15. Lack of accountability-as we see, for the past few years, there has been a total lack
of control and accountability in the police system. This can be seen in
theambivalent attitude of the police to use third degree methods and the informal
detentions with the punishment of death or life imprisonment.
16. Root cause of custodial violence: Police brutality.

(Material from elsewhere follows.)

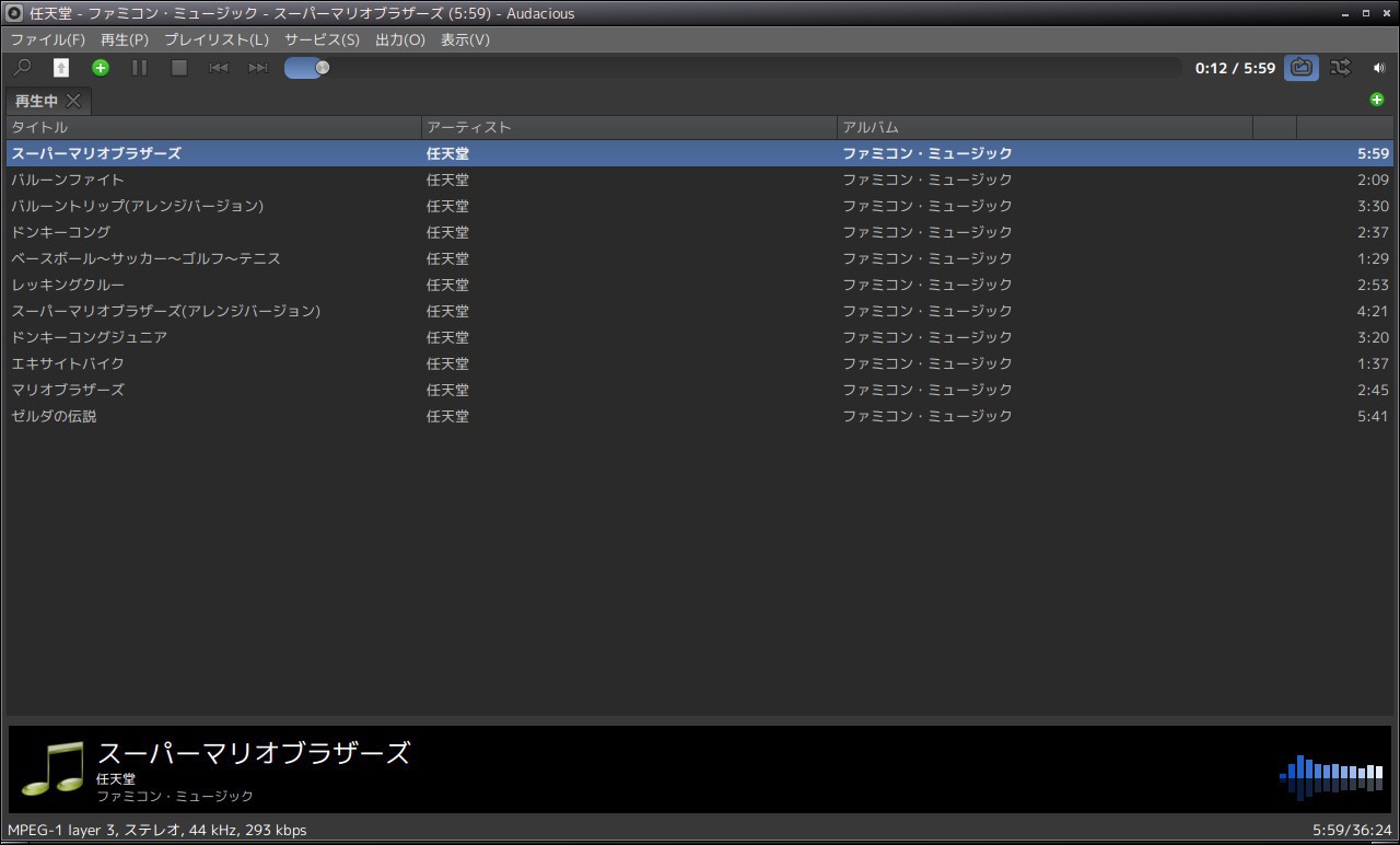 ちなみにAudaciousでも同様に、きちんとタイトルが表示される。

Police brutality an introduction:-
Brutality includes any and every type of physical violence but it is not absolutely right it
includes more than that. It includes any harassment that causes suffering e.g. not allowing a
man to sleep as also rude behavior so typical of any of us who has any power, whether in
government or in a private organization over our fellow human? Rudeness by word of
mouth can also hurt. When a policeman in the U.S.A. calls a Negro boy or Nigger it is
perceived as brutality repeated calling a man to the police station or an office and then
making him wait for long hours is also brutality of a kind. Personal violence and such
harassment as cause suffering, mental or physical are taken as brutality
8
.
Further there is a tradition in the police to use the words Third degree for
application of brutality, only during investigation of offences. Originating from
freemasonry third degree means questioning a subject by user of torture or something
similar in order to elicit a confession or to find out all he knows. This raises the
presumption that the victim of third degree in always in police custody. The hue and try
rose against police brutality in newspapers, journals and even the legislature has thus a
sound basis. Police behavior is rightly concern of the media. But it must also be
remembered that newspaper reports, sometimes, tend to be reasonable. A couple of years
ago almost every day, the national dailies carried reports of rapes by policemen and for a

8 Shailendra Mishra, Police Brutality Analysis of Police Behavior, Vikas Publishing House, Noida,
1986, P-1.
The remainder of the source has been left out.